Het is alweer bijna een jaar geleden dat met veel klaroengeschal de zogenoemde Duisenberg-regeling werd afgekondigd. De honderdduizenden aandelenlease--beleggers zouden een royaal aanbod krijgen om van hun zogenoemde 'restschuld' af te komen. Een restschuld die over zou blijven na aftrek van eventueel nog verschuldigde termijnen en na aftrek van de opbrengst van de aandelen die volgens de contracten waren gekocht.
Koper bleek blik
Het koper van de klaroenen bleek een paar maanden later voor tienduizenden leasebeleggers in koperkleur geschilderd blik te zijn. Op deze plaats vertelde ik het verhaal van zo'n leasebelegger die zich vijf jaar terug door een spekgladde vertegenwoordiger van Spaar Select een contract voor een zogenoemd 4=10 Effect Vooruitbetaling had laten aansmeren. Daarmee zou hij, aldus de vertegenwoordiger, korte metten maken met de karige vergoeding over het spaargeld, die de lezer tot dan toe van zijn bank over het spaargeld had ontvangen. De lezer sloot een 10-jarig contract met per maand een te betalen rentevergoeding van € 180,72. Na tien jaar, 120 maanden, zou dan een kleine € 21.690 aan rente zijn betaald.
Een stevig bedrag, dat wel, aldus de verkoper. Maar daartegenover werd voor de lezer meteen een pakket aandelen gekocht met op dat moment, volgens het contract, een waarde van € 15.715. Het pakket zou aan het eind van de looptijd kunnen worden verkocht, en de opbrengst minus het aankoopbedrag zou dan worden uitbetaald. De lezer kon, zo verzekerde de Spaar Select-man, ervan uitgaan dat met de uitkering de gemaakte rentekosten ruimschoots zouden worden goedgemaakt. Temeer daar de lezer dankzij een storting van € 7.800 uit zijn spaargeld, gedurende de eerste vier jaar, dus 48 termijnen lang, geen € 180,72 per maand zou hoeven te betalen. Dus meteen al een 'voordeel' van ruim € 867 ten opzichte van wat hij anders gedurende die eerste 48 maanden had moeten betalen. Daar kwam als 'extraatje' nog bovenop, dat de lezer na die 48 maanden een 'korting' op de vervolgens nog te betalen 72 maandelijkse termijnen van € 180,72 tegemoet zou kunnen zien. De korting zou afhankelijk zijn van de gemiddelde jaarlijkse waardestijging gedurende de eerste vier jaar. Bij een stijging van 6,9% of meer zou de korting 100% gaan bedragen. Met andere woorden: de lezer zou dan rustig en zonder nog een cent te hoeven betalen kunnen wachten op zijn uitkering aan het eind van de looptijd.
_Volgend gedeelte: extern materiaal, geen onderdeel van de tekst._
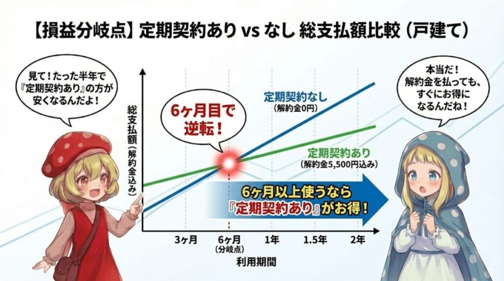 - 6ヶ月以上使うなら定期契約ありが得:解約金を払っても、半年以上使えば定期契約ありの方が安い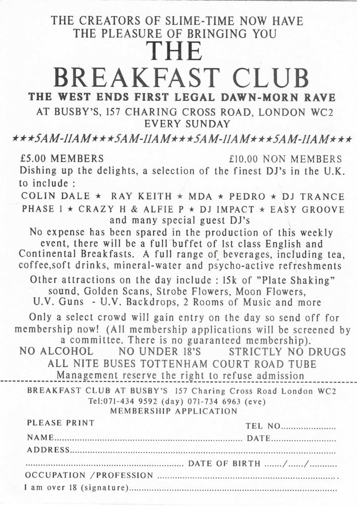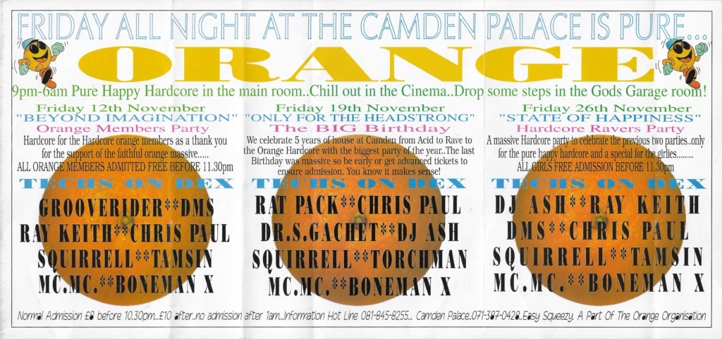 Orange TBC November 1991 – Orange at the Rocket 1992 -The Breakfast Club 1992 – Breakfast Club @ Busbys 1992 – Orange Dream 1992 – Orange Dream every Friday 19th April 1992 – Hippodrome II The Return 4th July 1992 – A New Age July 1992 – Aquarius 31st August 1992 – Hippodrome 5 1992 – Orange at the Rocket 31st December 1992 29th August 1993 – Hippodrome 10 (TBC) 1993 – Club Orange (TBC) 1993 – Guest Pass 1993 – Orange at the Camden Palace 30th May 1993 – Hippodrome IX 26th June 1993 – Astoria 12th – 26th November 1993 12th February 1994 – The Next Generation Part 3 3rd April 1994 – The Next Generation Part 4 April 1994 – Get on a “C” 1st May 1994 – The Next Generation Part 5 7th May 1994 – Class of ’88-’92 Reunion 29th May 1994 – Hippodrome 6 25th June 1994 – Rave 30th July 1994 – Astoria Part 2 28th August 1994 – Hippodrome 7 Tags – Orange – Orange at the Rocket – Orange Hippodrome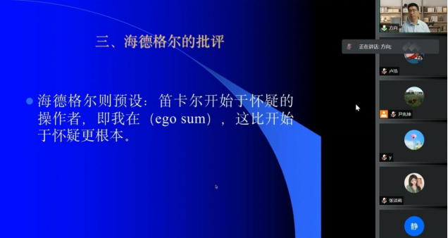 最后,方老师指出,在马里翁的研究中,胡塞尔与笛卡尔存在对等性。其一是“梦与还原的对等”,“即使我感觉和想象的在我之外的东西可能不存在,然而我确定我称之为感觉和想象的这些思维活动样式,就其仅仅是思维活动样式而言,一定出现在我之中”(Meditatio III)“现在我们可以明白,对于现象学来说,通过对世界存在和非存在[之区别]普遍实行的悬搁,我们事实上并没有简单地丢弃这个世界,而确确实实是把它作为所思保留了下来”(Méditations cartésiennes)。其二是一般原则(regula generalis)与“一切原则的原则”的对等,...illud omne esse verum, quod valde clare et distincte percipio(凡是我们领会得十分清楚、十分分明的东西都是真实的)“每一种原初给予的直观都是认识的合法源泉,在直观中原初地(可说是在其机体的现实中)给予我们的东西,只应按如其被给予的那样,而且也只在它在此被给予的限度内被理解。”(Ideen I)其三是从还原到决断即思想的行动,笛卡尔从三个梦境之中受到启发之后,在思想上做出了一个决断:为了达到梦所启示的境界与高度,他在思想中启用了“怀疑”的方法论,对意见世界的怀疑扩大到对所有东西的怀疑,并把实践的领域排除在外。但笛卡尔认为怀疑是有限度的,解除于“清楚明白”的一般规则,而后需要自身做出决断。此外,从“有限性”、“向来我属性”、“不可能的可能性”以及“不确定性(常人)”出发,海德格尔与笛卡尔之间存在“此在与本我”之间的相似性。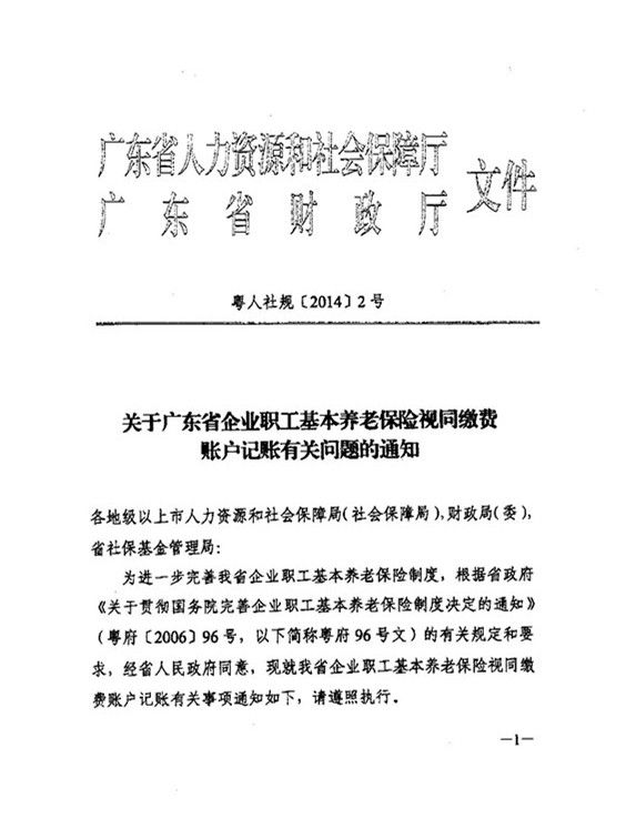 轉發省廳《關于廣東省企業職工基本養老保險視同繳費賬戶記賬有關問題的通知》的通知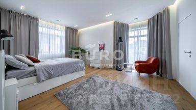 Превосходный загородный дом возведен по современным технологиям в соответствии с высокими стандартами качества. Монолитно-кирпичная конструкция делает дом прочным и долговечным. В доме выполнена отделка с применением материалов от ведущих мировых производителей. Современный интерьер укомплектован стильной мебелью и предметами декора. Широкая винтовая лестница гармонично дополняет убранство дома.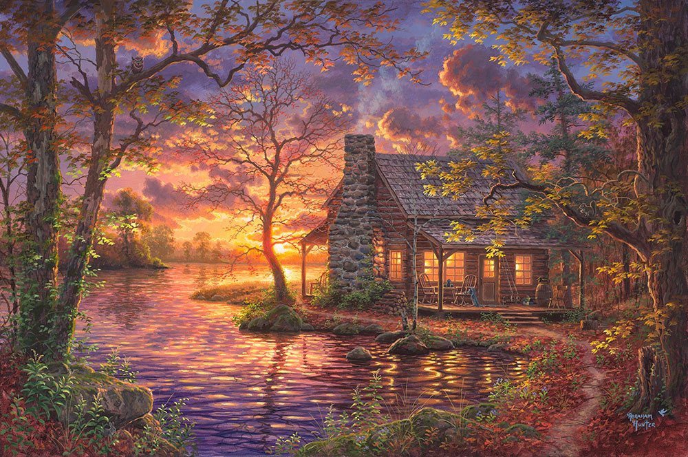 My day often starts with an abrupt alarm followed by a mental shock into reality of all that I “have” to have done by the end of the day before I pick up my phone to see who said what to me and what disaster befell mankind somewhere across the world while I slept. Then, I get my caffeine rush to propel me until it’s time to reboot for the whole process to begin the next day. That scenario is actually a very good life compared to most in America! Overworked and overstressed, most of us just barely do what it takes to get throught the work week. When the Psalmist felt overwhelmed, he wrote about a special place where he found comfort. He called his relationship with God, his “Hiding Place.” When we are too busy with ourselves, our  problems become larger than they really are, and our cares choke out the joy that life’s journey holds. A secluded cabin, like in this painting, is the perfect spot to be still and let life come back in to perspective. I created this painting to be your hiding place, a place to go to cast your cares on Him. Psalm 119:114 “You are my hiding place and my shield; I wait for your word.” I hope that it brings your heart peace each time your eye steps inside and you go to your “Hiding Place.”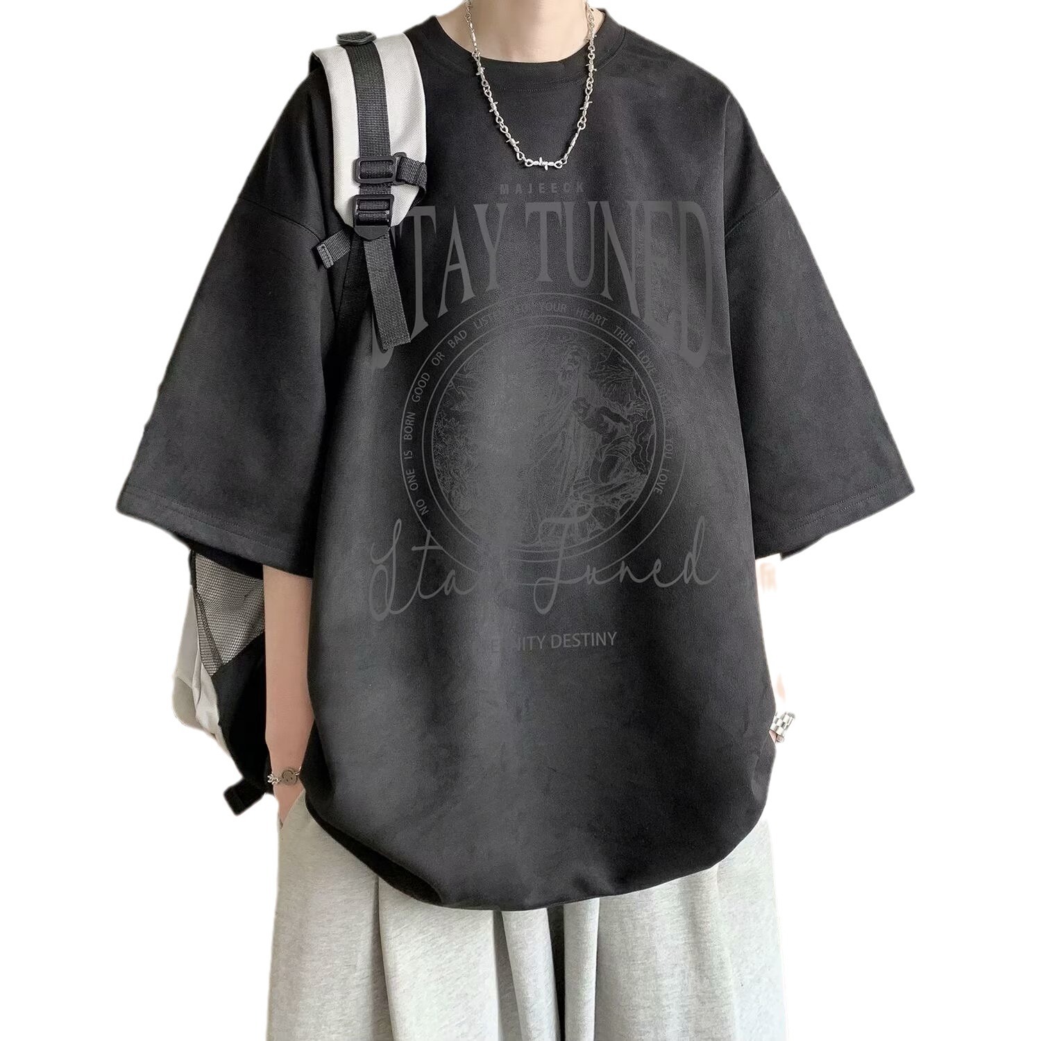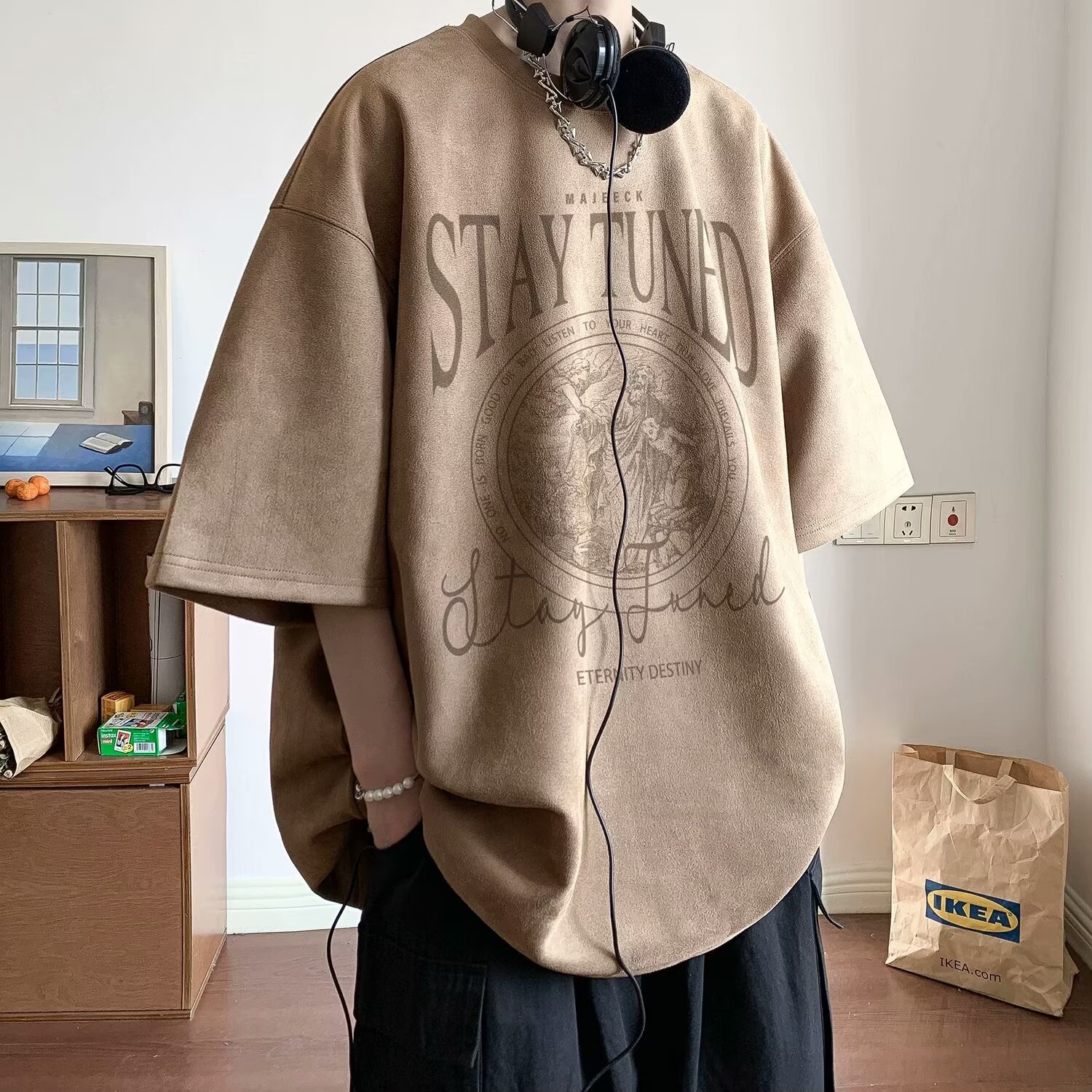 麂皮绒短袖t恤男夏季新款美式复古体恤男生潮牌重磅半袖衣服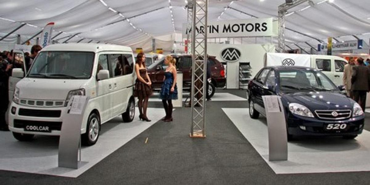 Une vue du salon automobile de Prague 2009, avec (de gauche à droite) une ChangHe, un Shuanghuan, une Lifan et une autre ChangHe, au fond. Dans les rues, par contre, les voitures Chinoises sont nettement plus rares…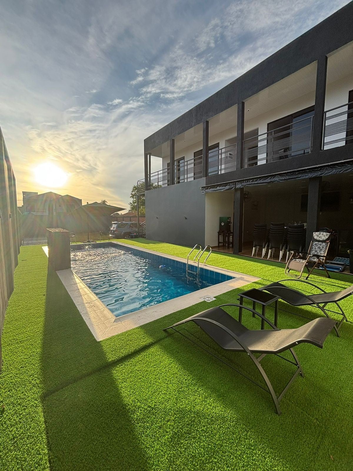 Casa con amplio patio y pequeña piscina, a 4 cuadras de la Av. Guillermo Nauman, amplio quincho y abudante vegetación. Cuenta con generador, bomba, tanque de agua, verde cesped. Todas las habitaciones con AA.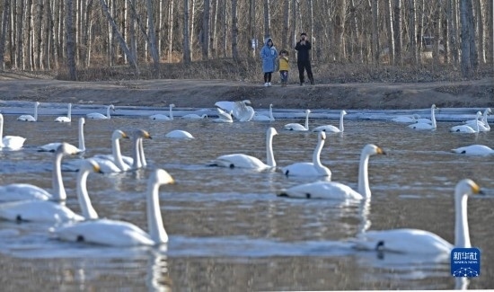 2月21日,游客在北票市八家子鄉(xiāng)紅村大凌河畔觀賞天鵝。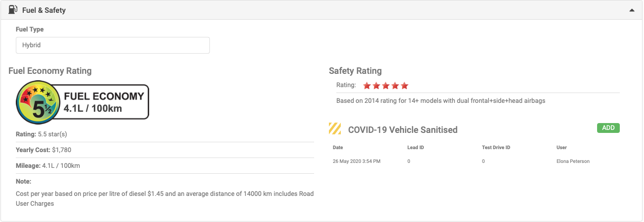 The 'Covid-19 Vehicle Sanitised' feature is in the 'Fuel and Safety' section of the LIsting. On click of 'Add' the 'Vehicle Sanitisation' pop up displays for the User to sign.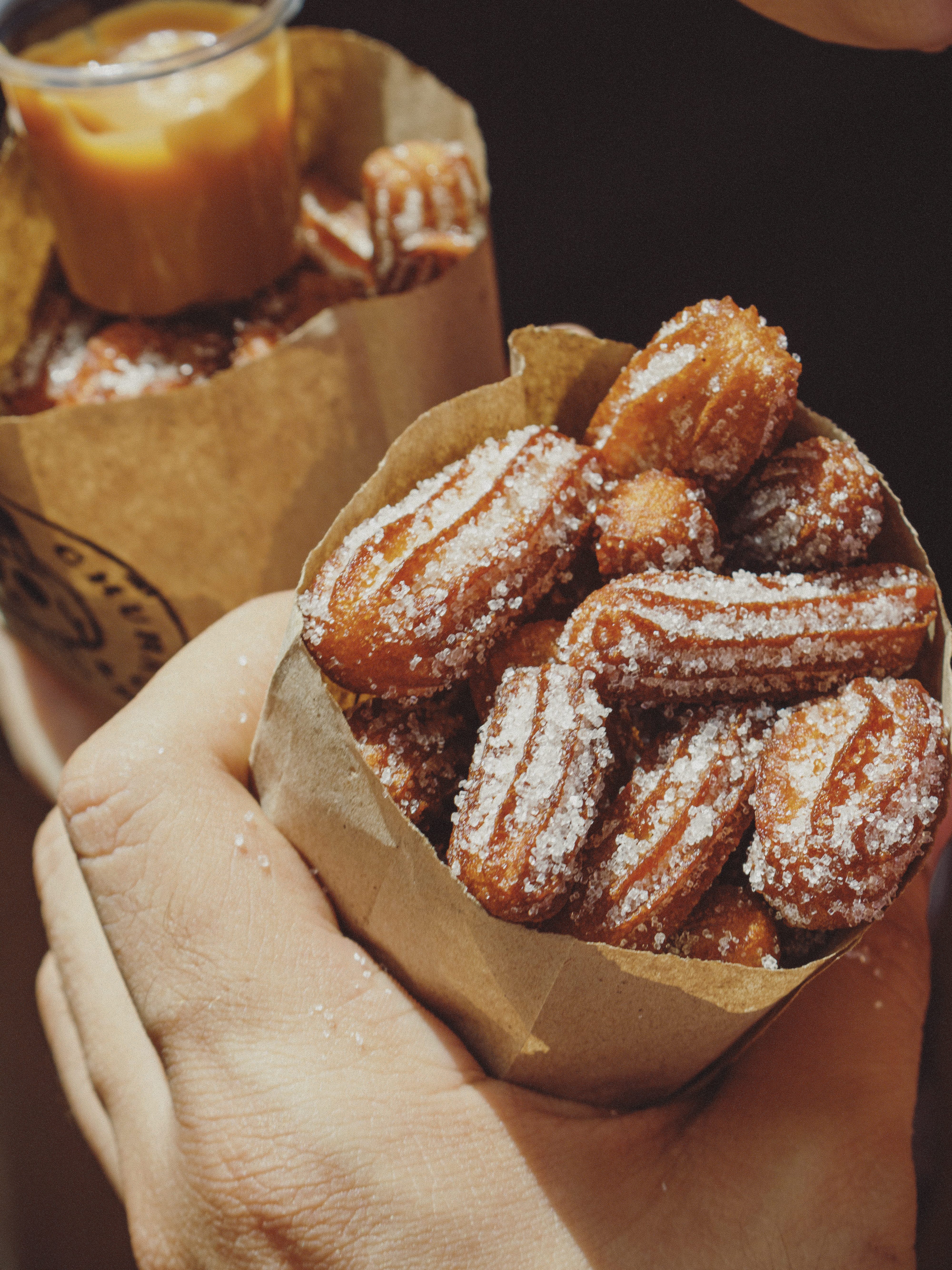 Deliciosos churros, acompañados de arequipe.

'En als er nu geen waardestijging plaatsvindt, dan zit ik mooi in mijn maag met ruim € 180 per maand. Dat zal ik moeilijk kunnen opbrengen want tegen die tijd ben AOW'er en dan valt mijn inkomen behoorlijk terug', zo probeerde de lezer nog. De verkoper wimpelde die suggestie af. Was onze lezer misschien niet goed wijs? 'Geen waardestijging in die vier jaar? Puur hypothetisch meneer. Natuurlijk vindt een fikse jaarlijkse waardestijging plaats. Nee, ga maar met een gerust hart uit van 100% korting.'
Echt gebeurd
Het lijkt op een 'slapstick', maar het is allemaal écht gebeurd. Tegen het eind van de eerste vier jaar was het pakket echter duidelijk minder waard dan bij de start. Onze lezer zag de verplichting van het maandelijks te betalen bedrag van € 180 dan ook met angst en vreze tegemoet. Maar gelukkig was daar de Duisenberg-regeling met een fikse korting op een eventuele restschuld. Uit de van Stichting Leaseverlies - een van de 'Duisenberg-partijen' - ontvangen informatie bleek luid en duidelijk dat ook zijn contract onder die regeling zou vallen. De lezer berekende voor zichzelf een verlies op het aangeschafte aandelenpakket van zo'n € 3.320. Wellicht zou dat dan voor hem de onder de Duisenberg-regeling vallende restschuld kunnen zijn. Hij had met de storting van € 7.800 bij de start immers tot en met het vierde jaar voldaan aan de verplichte maandelijkse betaling van de ruim € 180. Het verlies van € 3.320 zou dan als restschuld kunnen worden beschouwd. Volgens de Duisenberg-regeling zou daar dan nog 1/3 deel, dus een kleine € 1.107, van moeten worden betaald.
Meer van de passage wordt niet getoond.